# [Supplied material]
----
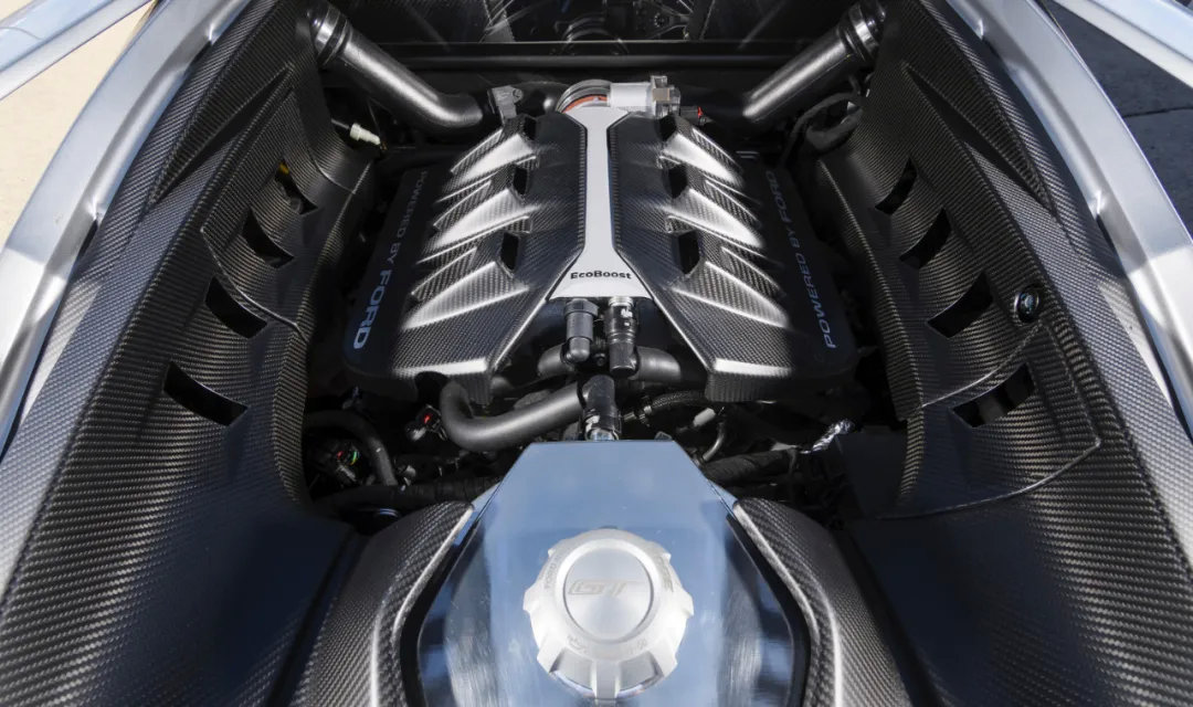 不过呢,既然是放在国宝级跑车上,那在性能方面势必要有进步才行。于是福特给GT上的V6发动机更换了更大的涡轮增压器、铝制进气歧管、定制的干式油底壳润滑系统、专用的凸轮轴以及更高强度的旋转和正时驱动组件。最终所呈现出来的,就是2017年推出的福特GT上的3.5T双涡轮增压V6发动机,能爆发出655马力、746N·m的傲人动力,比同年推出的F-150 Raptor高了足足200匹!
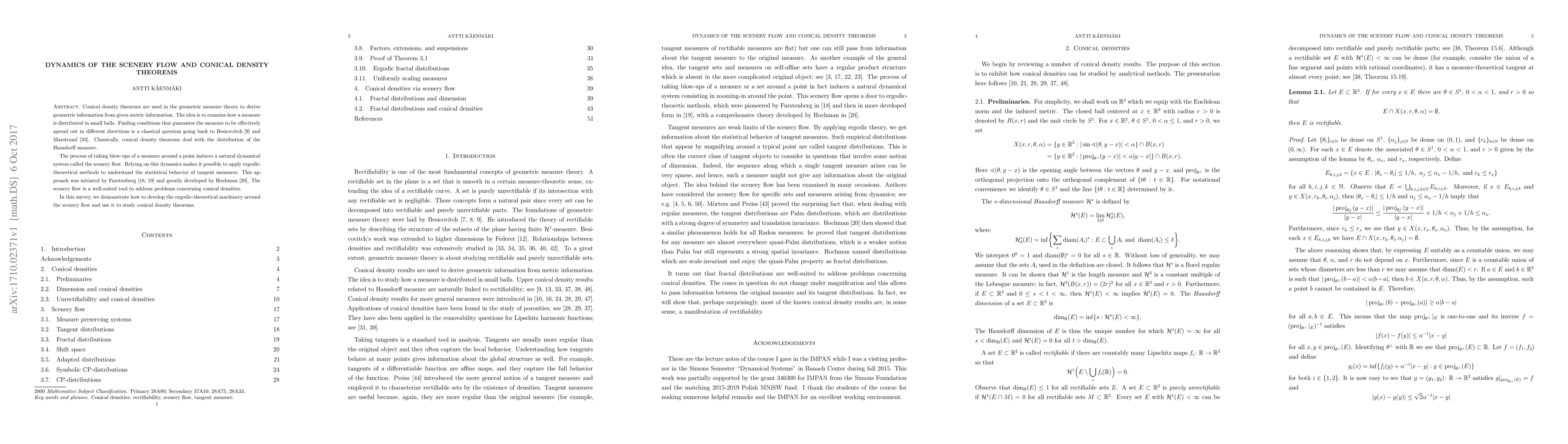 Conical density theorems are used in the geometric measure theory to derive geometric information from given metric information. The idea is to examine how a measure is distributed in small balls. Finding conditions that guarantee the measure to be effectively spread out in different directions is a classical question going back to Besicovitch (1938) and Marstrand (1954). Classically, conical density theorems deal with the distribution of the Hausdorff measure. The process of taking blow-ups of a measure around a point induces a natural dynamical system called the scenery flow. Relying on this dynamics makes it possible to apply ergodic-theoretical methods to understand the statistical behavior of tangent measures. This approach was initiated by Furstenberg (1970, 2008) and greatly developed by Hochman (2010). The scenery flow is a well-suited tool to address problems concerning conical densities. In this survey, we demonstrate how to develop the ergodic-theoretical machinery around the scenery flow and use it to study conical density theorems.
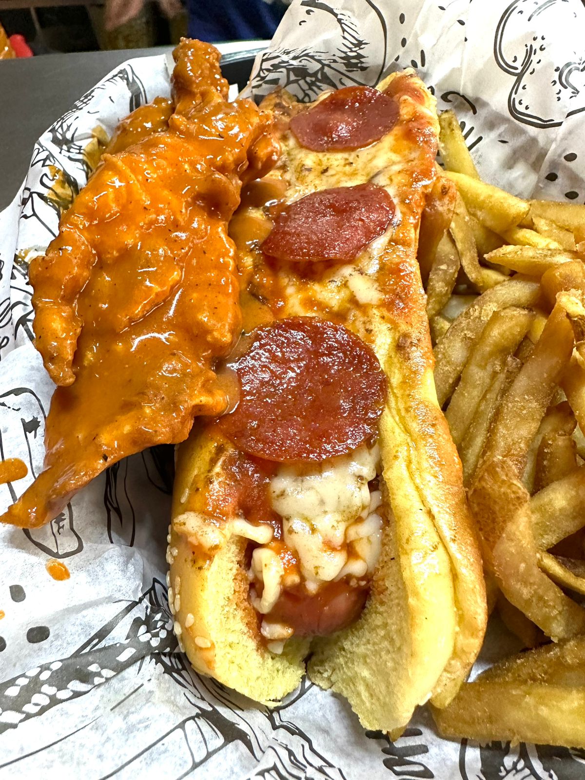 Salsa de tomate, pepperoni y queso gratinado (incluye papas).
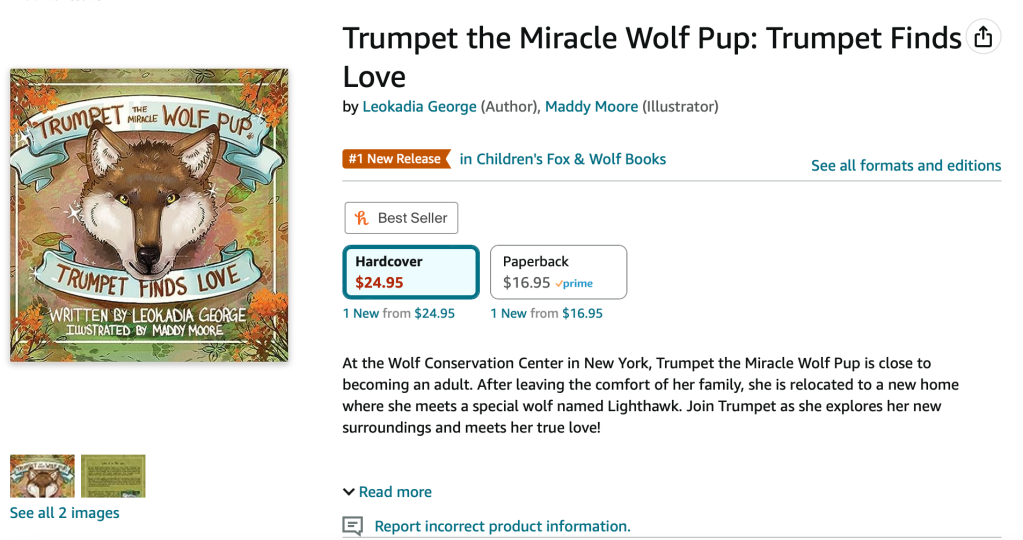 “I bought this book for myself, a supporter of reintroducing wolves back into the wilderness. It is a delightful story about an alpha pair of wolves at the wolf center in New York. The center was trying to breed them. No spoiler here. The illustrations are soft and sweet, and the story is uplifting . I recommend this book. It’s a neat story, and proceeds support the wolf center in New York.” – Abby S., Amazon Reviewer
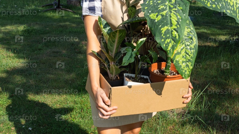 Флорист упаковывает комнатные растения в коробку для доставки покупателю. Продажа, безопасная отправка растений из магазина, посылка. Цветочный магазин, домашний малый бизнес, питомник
----
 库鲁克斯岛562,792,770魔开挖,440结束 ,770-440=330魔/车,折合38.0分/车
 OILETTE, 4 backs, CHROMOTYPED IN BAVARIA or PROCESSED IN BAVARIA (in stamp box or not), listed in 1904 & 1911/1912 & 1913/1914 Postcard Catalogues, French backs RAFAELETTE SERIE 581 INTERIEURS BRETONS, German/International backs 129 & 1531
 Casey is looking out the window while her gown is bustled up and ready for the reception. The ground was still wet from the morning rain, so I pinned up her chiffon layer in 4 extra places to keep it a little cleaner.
----
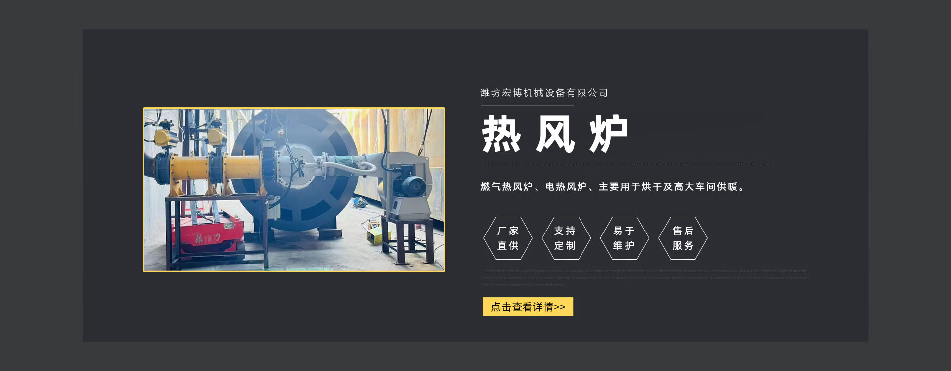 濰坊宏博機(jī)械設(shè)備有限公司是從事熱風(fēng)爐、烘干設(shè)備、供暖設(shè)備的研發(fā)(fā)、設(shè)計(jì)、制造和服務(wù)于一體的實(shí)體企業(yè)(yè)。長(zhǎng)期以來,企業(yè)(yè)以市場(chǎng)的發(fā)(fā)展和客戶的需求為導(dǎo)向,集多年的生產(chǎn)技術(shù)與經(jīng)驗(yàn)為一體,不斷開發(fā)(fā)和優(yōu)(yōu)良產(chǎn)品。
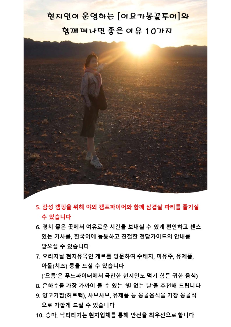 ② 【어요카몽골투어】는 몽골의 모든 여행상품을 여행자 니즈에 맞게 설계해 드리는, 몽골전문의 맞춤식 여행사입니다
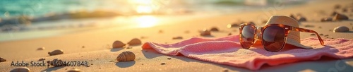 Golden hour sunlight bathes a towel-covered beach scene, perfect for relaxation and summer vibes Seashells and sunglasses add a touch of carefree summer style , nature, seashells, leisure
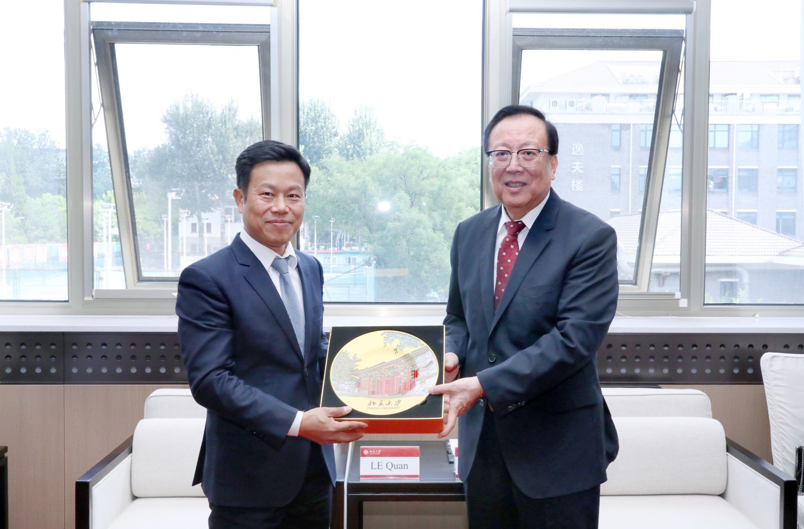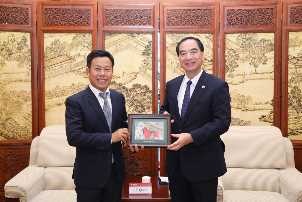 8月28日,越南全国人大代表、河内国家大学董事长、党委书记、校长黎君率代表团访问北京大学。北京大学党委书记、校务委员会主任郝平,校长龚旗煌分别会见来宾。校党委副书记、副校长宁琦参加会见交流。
----
# [Assignment]
Give the lines above again exactly, from the one containing "② 【어요카몽골투어】는 몽골의" to the one containing "8月28日,越南全国人大代表", both included, but leave out the pictures.

# [Result of this task]
 ② 【어요카몽골투어】는 몽골의 모든 여행상품을 여행자 니즈에 맞게 설계해 드리는, 몽골전문의 맞춤식 여행사입니다
 Golden hour sunlight bathes a towel-covered beach scene, perfect for relaxation and summer vibes Seashells and sunglasses add a touch of carefree summer style , nature, seashells, leisure
 8月28日,越南全国人大代表、河内国家大学董事长、党委书记、校长黎君率代表团访问北京大学。北京大学党委书记、校务委员会主任郝平,校长龚旗煌分别会见来宾。校党委副书记、副校长宁琦参加会见交流。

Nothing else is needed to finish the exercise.